Objective: To give an insight into the structural and methodological approaches used in published decision-analytic models evaluating interventions in Parkinson's disease (PD) and to derive recommendations for future comprehensive PD decision models.
Methods: A systematic literature review was performed to identify studies that evaluated PD interventions using mathematical decision models. Using a standardized assessment form, information on the study design, methodological framework, and data sources was extracted from each publication and systematically reported. Strengths and limitations were assessed.
Results: We identified eight studies that used mathematical models to evaluate different pharmaceutical (n = 7) and surgical (n = 1) treatment options in PD. All models included economic evaluations. Modeling approaches comprised mathematical equations, decision trees, and Markov models with a time horizon ranging from 5 years to lifetime. All based progression on the evolution of clinical surrogate endpoints. Treatment effects were either modeled via reduction of symptomatic progression and/or initial symptomatic improvement or via reduction of adverse effect rates. No model is currently available that encompasses both the underlying biologic disease progression and the spectrum of all relevant complications and also links them to patient preferences and economic outcomes.

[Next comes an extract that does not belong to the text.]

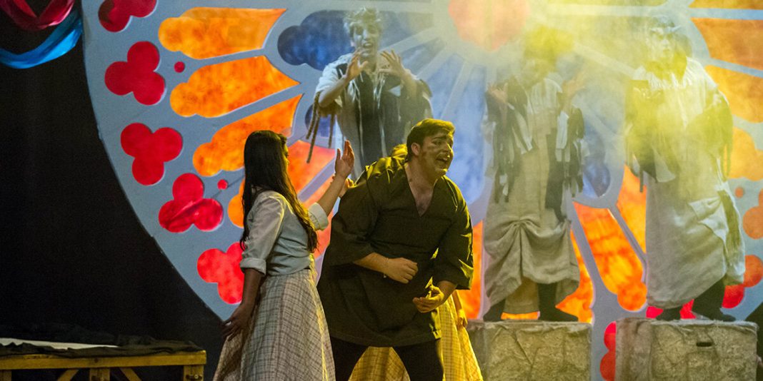 “Perchè un uomo odia, perché un mostro ama” … Grande quesito che si perde nella notte dei tempi e a cui ancora non si è riusciti a dare una risposta. Questo il sottile fil rouge che unisce tutti i personaggi della messa in scena: il loro modo di reagire all’essere reietti, abbandonati, dimenticati. Soli ma armati della forza e della volontà di reagire e affrontare le avversità della vita, pronti a guardare sorgere il sole di un nuovo giorno sulle guglie svettanti di Notre Dame che dall’alto guarda e tace. Cuore dello spettacolo è infatti proprio la maestosa cattedrale – che già Hugo, nel romanzo, indicava come un essere vivente dotato di una propria coscienza – rifulgente di luce, di colori e di speranza (come nella canzone di Esmeralda). Il risultato è una storia dipinta con una tavolozza di colori schiariti e sgombra dalle ombre gotiche che aleggiano invece nel romanzo. Quasimodo è fin da subito sensibile, assetato di contatto umano e ben disposto verso il prossimo, desideroso di dare, di ricevere e con lo spirito rivolto alla speranza. Una commovente favola capace di emozionare grandi e piccini raccontando un “miracolo” d’amore: quello che nasce dall’unione di ciò che solo apparentemente era inconciliabile, lontano per forma, lingua, provenienza sociale. Perché per quanto possa essere diverso il colore della nostra pelle, sarà sempre lo stesso unico sole a scaldarcela.

Conclusions: Models have been successfully applied to evaluate PD treatments. However, currently available models have substantial limitations. We recommend that a comprehensive, generic, and flexible decision model for PD that can be applied to different treatment strategies should consider a large spectrum of clinically relevant outcomes and complications of the disease during a sufficiently long time horizon, include PD-specific mortality, systematically evaluate uncertainty including heterogeneity effects, and should be validated by independent data or other models. Approaches to model treatment effects included reduction of symptomatic progression, initial symptomatic improvement, or reduction of adverse effects. We believe that structural bias could be avoided if underlying disease progression and treatment effects on symptoms are modeled separately.